Brett Little, GreenHome Institute
Despite living in the great lakes where water appears to be abundant, many wells, streams, and aquifers are running dry. Costs to pay for water to be delivered to your house are going up all over and even if you are on a well, that doesn’t mean you don’t pay for water.
“Most well systems including the pump, tank and softeners life are based on the amount of water passing through them and so the more water you use the more you eventually pay to replace the system,” says Brett Little of GreenHome Institute. “Conserving water is now easier than ever and does not require you to sacrifice comfort or style!”
Do you know what the number 1 user of water is in a house…..toilets! How easy is that? With the simple push of a button, you can waste a lot of water or save a lot.
Conventional toilets are 1.6 gallons per flush (GPF) and EPA Water Sense certified are 1.28. However, now you can get vacuum assisted single flush toilets like the Niagara Stealth that are rated down to .8 GPF and are proven to need less maintenance over conventional toilets. I had one for 4 years, retrofitted into an existing 1920s era home and it worked great.
Next up is switching your bathroom faucet aerators, you don’t need to change the whole faucet. You can get a .5 Gallon Per Minute aerator on Amazon for $5.00 and it is an easy DIY install. For showering switch to a 1.5 or 1.25 GPM shower head which saves a lot of water and feels just like high flow.

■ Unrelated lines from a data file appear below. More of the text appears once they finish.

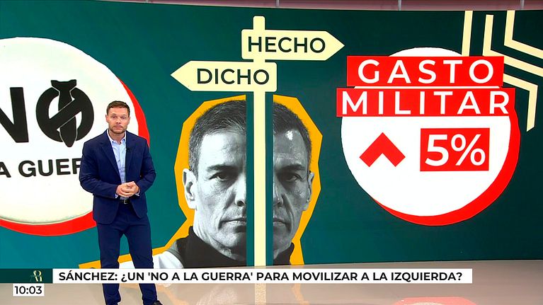 El programa analiza el debate político tras las últimas decisiones del Gobierno en materia de defensa. Mientras el Ejecutivo mantiene el mensaje de "no a la guerra", el aumento del gasto militar vuelve a abrir la discusión sobre su impacto político y si busca movilizar al electorado de izquierdas.
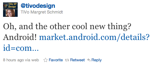 TiVo and non-TiVo customers can now experience DVR on their Android-powered devices with the first—and free—TiVo application. Vice President of TiVo User Experience Margret Schmidt tweeted the release of the new app early Jan. 6.
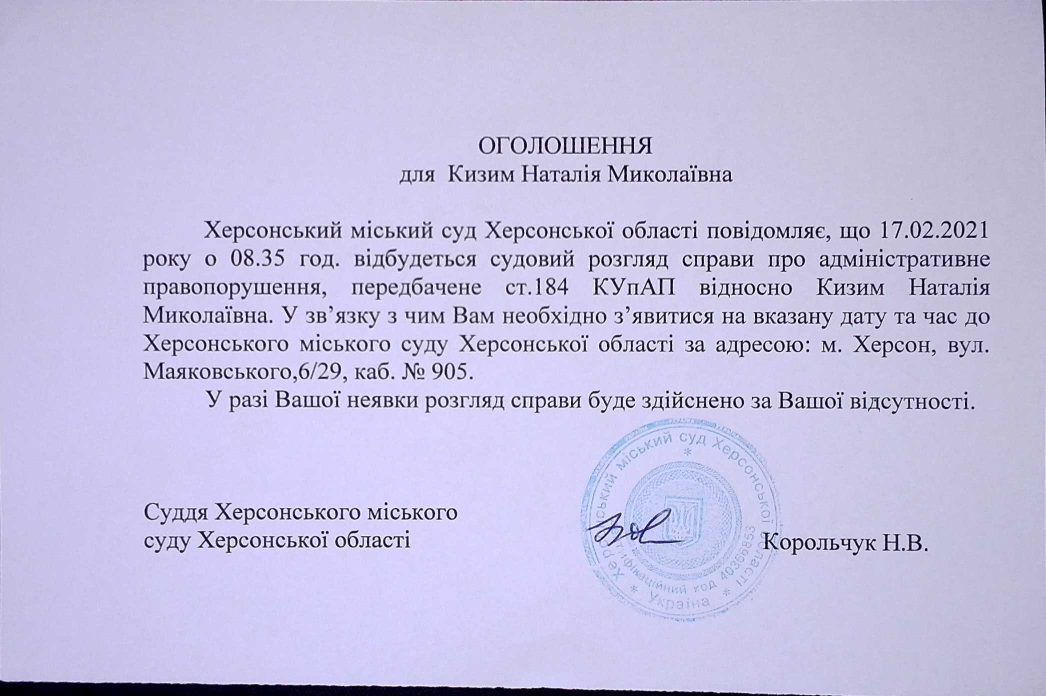 ОГОЛОШЕННЯ для Кизим Наталії Миколаївни
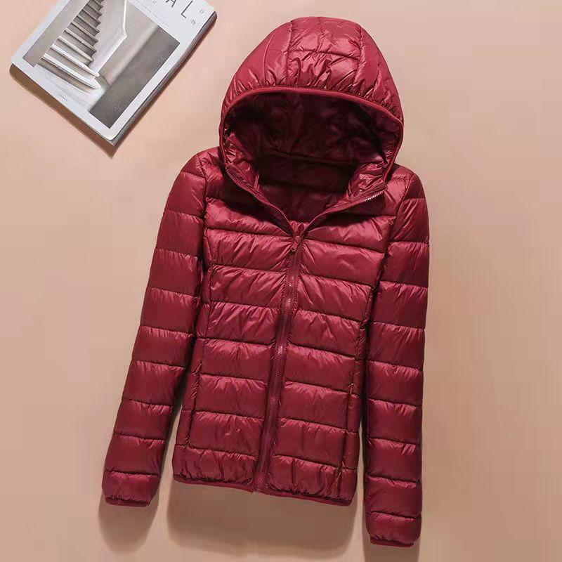 2023 Осень/Зима Женская Приталенная Легкая Пуховая Куртка с Капюшоном в Корейском Стиле
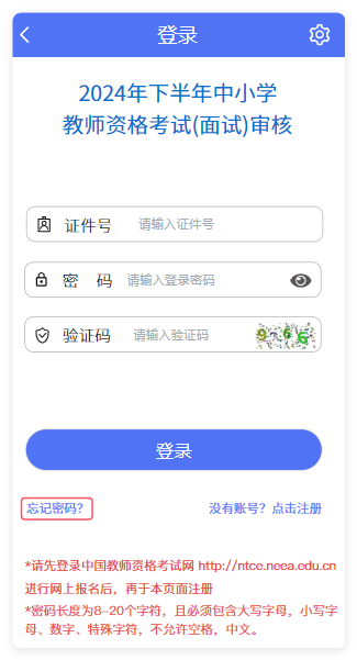 未注册账号的考生,点击登录页的“还没有账号?点击注册”链接,进入注册页面,按页面上的要求填写注册信息。登录时,须输入证件号、密码,以及验证码。
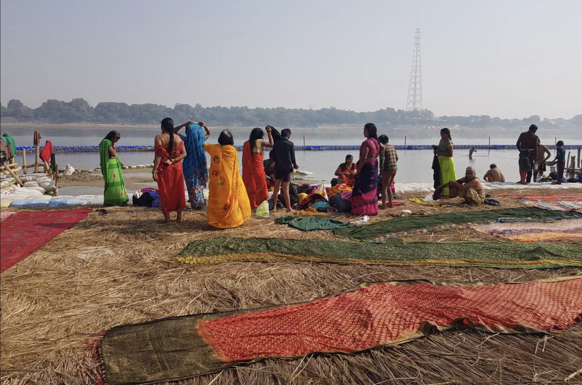 Индийские женщины купались прямо в сари, затем выходили из воды, переодевались и расстилали на берегу длинные куски материи, от чего берег окрашивался в разные цвета.
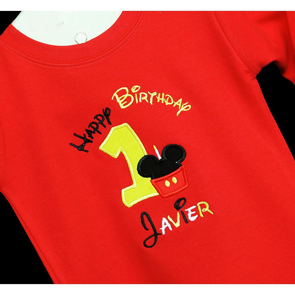 Birthday Boy Mickey Mouse birthday number shirt or onesie. Custom made to your specifications. You pick the fabric, font, and thread colors. Any Age. Add shorts, pants, a coordinating bib or diaper cover to complete the outfit.

Outside, try setting aside space for gardening and local drought-tolerant plants. While gardening is water intensive, you at least are using it to eat food rather than waste. Drought tolerant, adaptive and/or native plants usually require no water and many times can benefit local animals and plants helping ensure we have a healthy environment. Check with your local university extension to determine what qualifies for that, you will be surprised how much choice you have. In the areas you must have grass, you can now buy low mow drought tolerant grass. I don’t know about you but I have better things to do than mow and water a lawn weekly and this grass looks and feels just the same. Ditch the expensive sprinkler system and go for rain barrels, not only do these protect your home from water damage at the foundation, keep water out of sewer thus preventing flooding during heavy rains but also provides free water for your landscape and garden. Do make sure if you are using rain barrels for gardening food that you have a food grade metal roof or green roof, asphalt shingles put out lead, coppers and other toxins.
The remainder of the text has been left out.